Lion Global Investors (LGI) notes that the LionGlobal Singapore Physical Gold Fund has been very “well-received” since its launch on Dec 1, 2025. The fund’s size stood at US$209.6 million on Jan 25.

“Looking ahead, we are confident that gold will continue to play an important role in portfolios as investors seek stability and diversification in an environment of persistent volatility and continued shifting global economic dynamics,” says Kwok Keng Han, chief marketing officer of LGI.

Is gold jewellery still shiny?

Despite overall spiralling demand for gold, the gold jewellery sector appears to be experiencing declining demand.

According to data from WGC, global demand for gold jewellery consumption dropped by nearly 345 tonnes, or 18% y-o-y, to 1542.3 tonnes for 2025. Locally, demand for gold jewellery dropped by 0.8 tonnes, or 11.8%, to six tonnes.

However, the picture for gold jewellery seems mixed on the ground. Four of the nine shops reported drops in gold jewellery sales, while the others said demand remained consistent or increased.

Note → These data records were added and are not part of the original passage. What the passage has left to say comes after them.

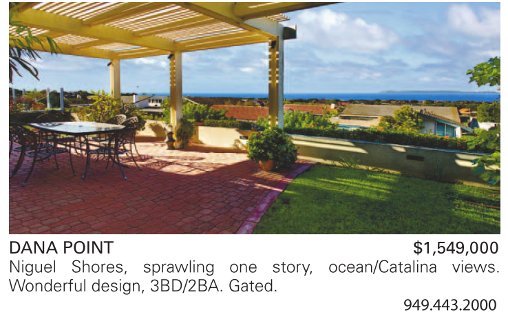 DANA POINT $1,549,000 Niguel Shores, sprawling one story, ocean/Catalina views. Wonderful design, 3BD/2BA. Gated.
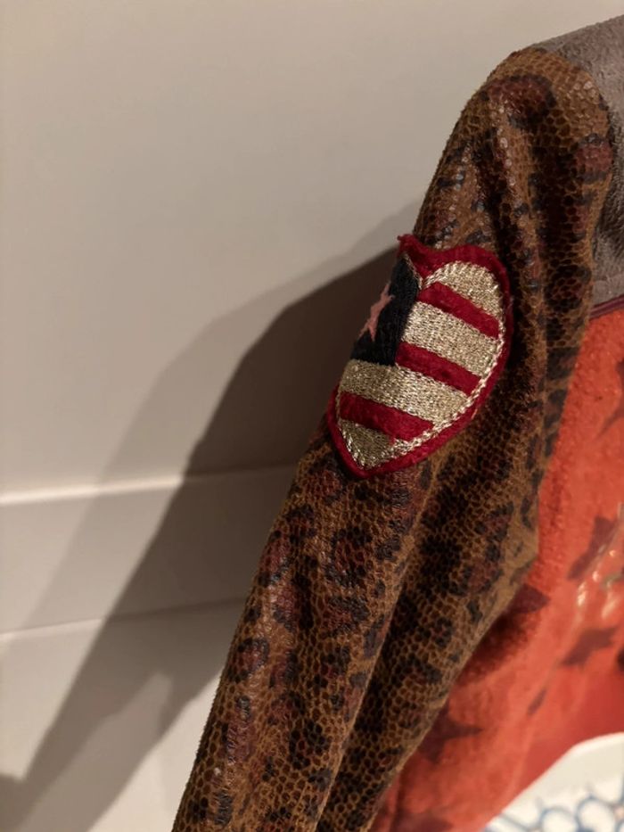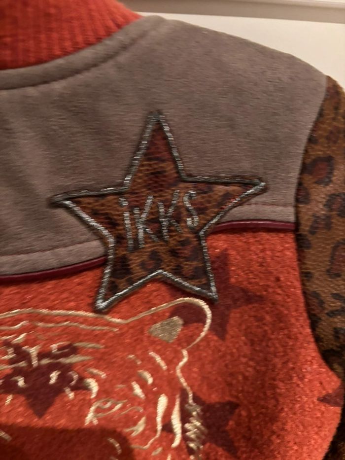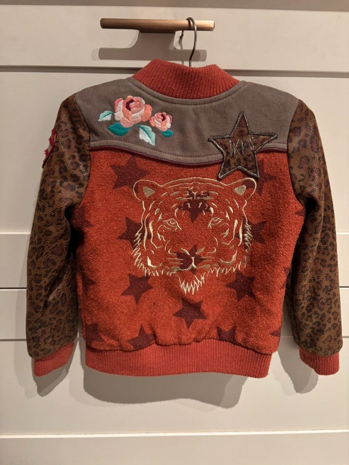 Taille 4 ans, en excellent état 20% laine Très original avec motif léopard, tigre et fleurs brodés
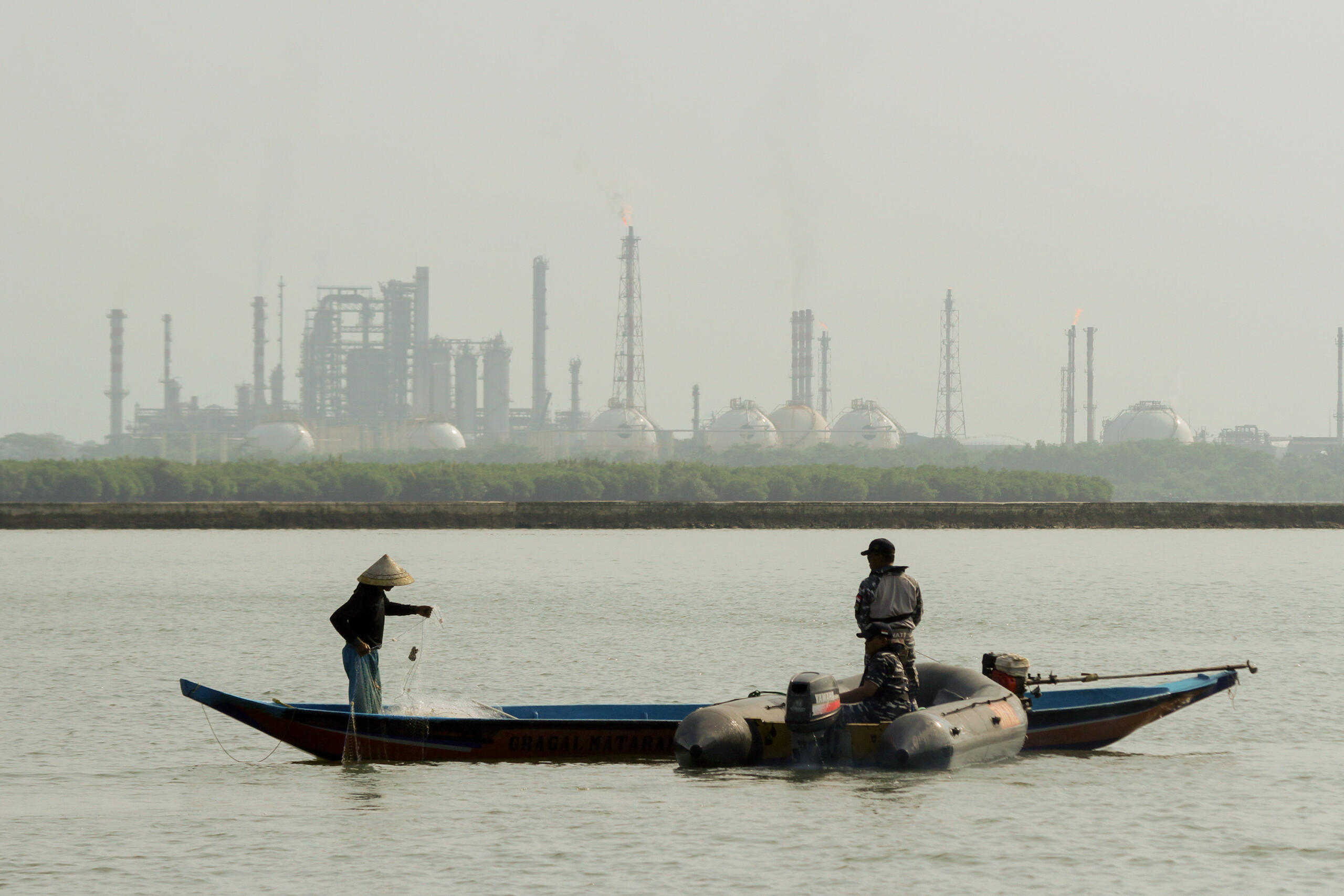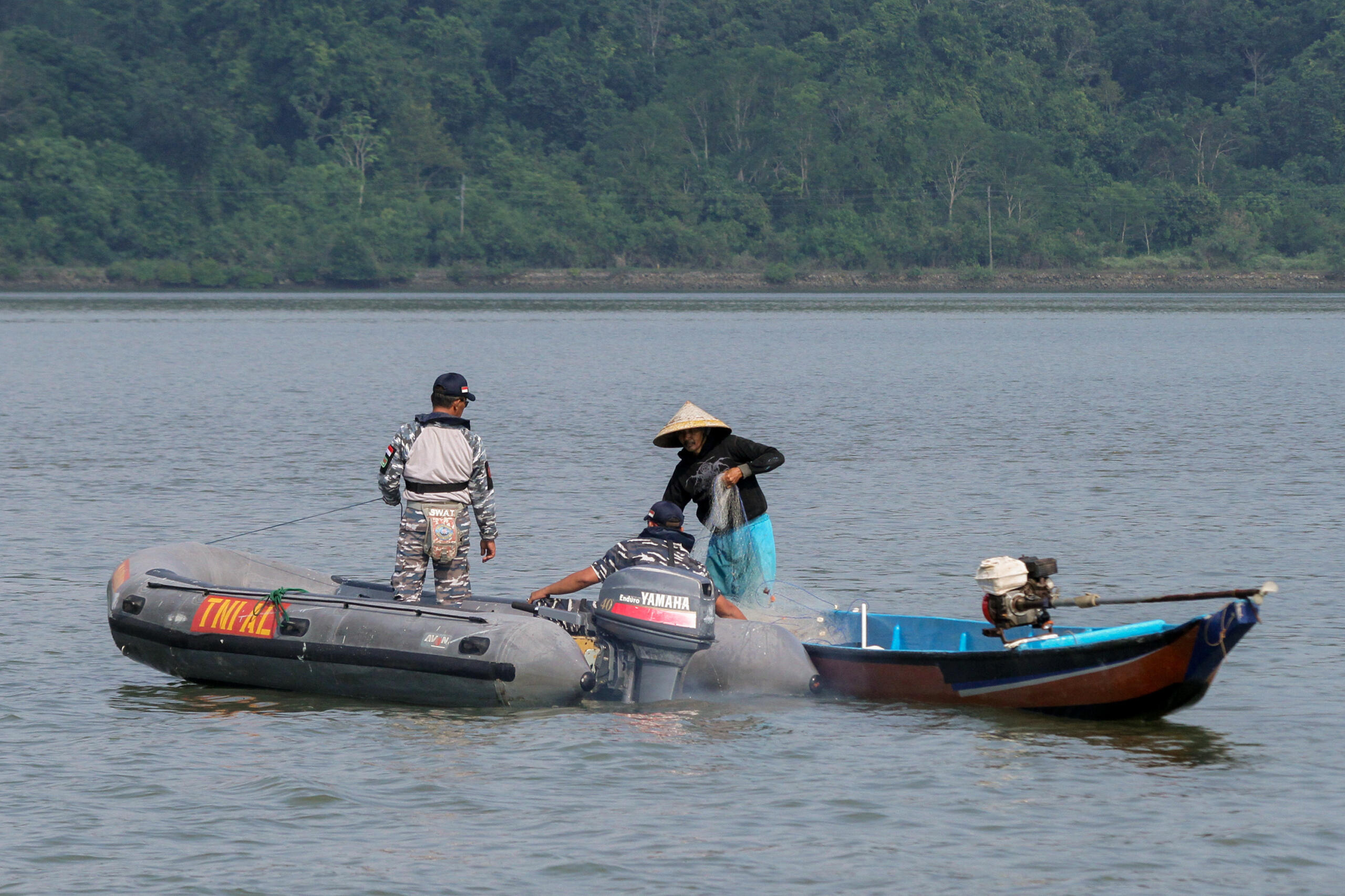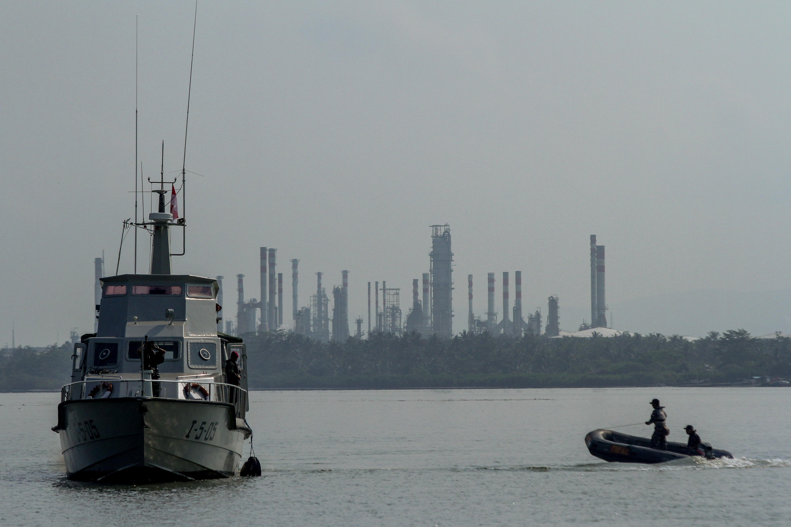 Personel TNI AL melakukan patroli di sekitar perairan Pulau Nusakambangan, Cilacap, Jateng, Kamis (28/7). Menjelang pelaksanaan eksekusi mati tahap ke III, petugas gabungan dari TNI AL dan Polri melakukan pengamanan di sekitar wilayah perairan nusakambangan. ANTARA FOTO/Idhad Zakaria/pras/16.
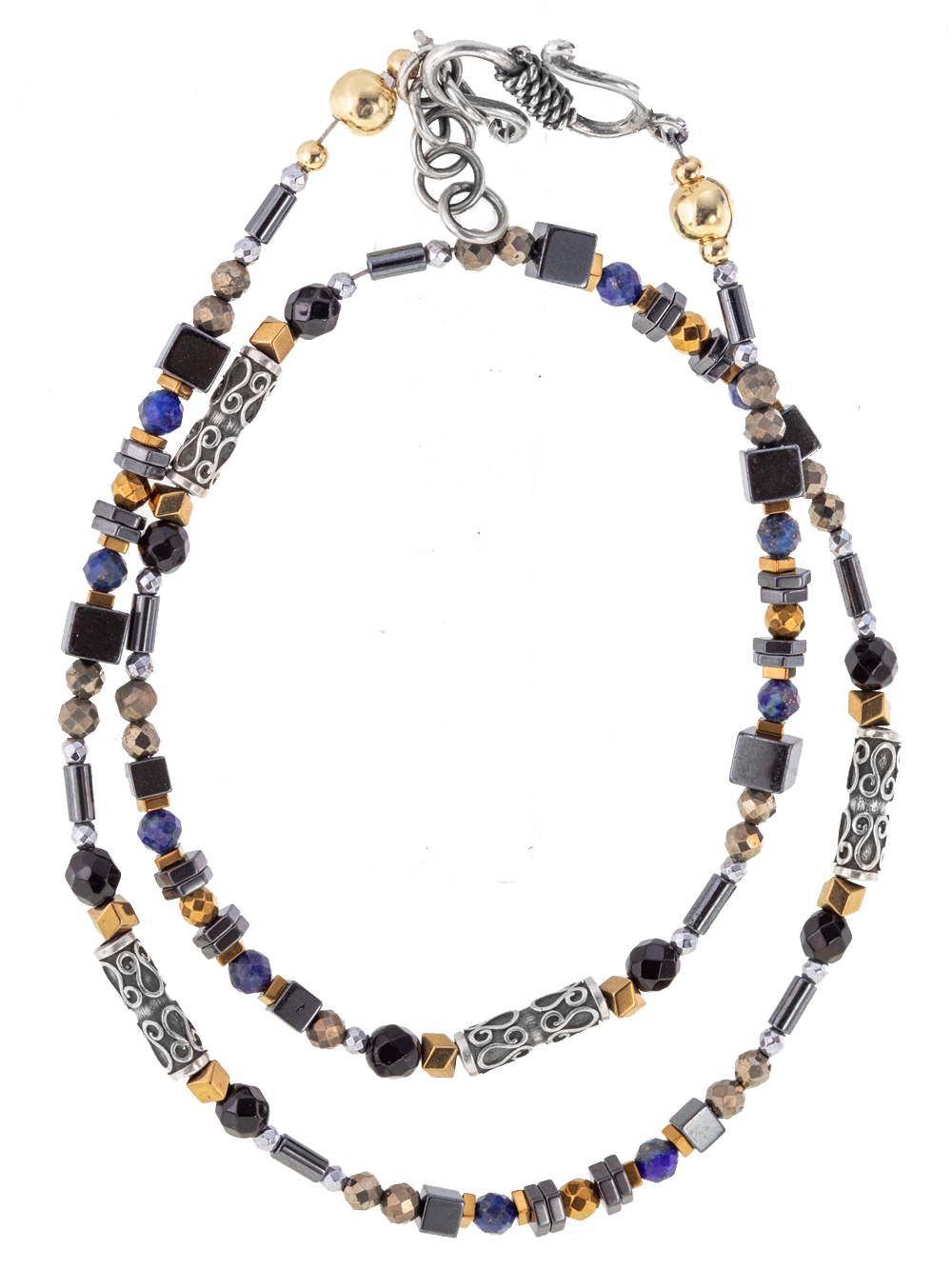 Колье (925) агат, лазурит, пирит

Yap from Marina Goldsmith says demand for gold jewellery has dropped by 10% to 12%, attributing it to rising gold prices. This sentiment is shared by Great United Goldsmith and Jewellery, with a spokesperson adding: “Nowadays, youngsters don’t buy gold.”

In contrast, Jasmine Loh, sales manager of Lee Heng Jewellers at Chinatown Point, estimates that demand for gold jewellery has increased by around 20%. She says this is driven by purchases of “si dian jin”, or the traditional Chinese wedding gift from the groom’s family to the bride. A set of “si dian jin” comprises four gold jewellery pieces — necklace, earrings, bangle and ring.

Declining to be named, a spokesperson for Venhonia International says the business is seeing sustained demand for gold jewellery, attributing its popularity to its cultural significance as a signifier of wealth and for joyous occasions such as weddings and
gifting.

WGC’s Fan says: “While overall jewellery demand is down, lighter and more affordable designs are attracting buyers, particularly during festive seasons.”

In addition to buying and selling, trading old gold jewellery for new jewellery seems popular. Loh says that the majority of trade-ins at Lee Heng come from repeat customers, especially during the festive period.

Remember Icarus

After gold’s gravity-defying performance over the last two years, multiple analysts did not hold a negative outlook on the precious metal, with views ranging from neutral to bullish for 2026. Hence, it may be apt to end with the story of Icarus.

Icarus’ father, Daedalus, fashioned wings from feathers and beeswax for both of them to escape from Crete, an island located off mainland Greece. The elder man warned his son not to fly too high or too low; too high, and the wax would melt; too low, and the wings might get wet from seawater.

They took flight, but Icarus soon forgot his father’s warnings and started ascending until the wax melted under the scorching sun. His wings dissolved and he fell into the sea and drowned.

Gold is flying high now. Can it ever get too high?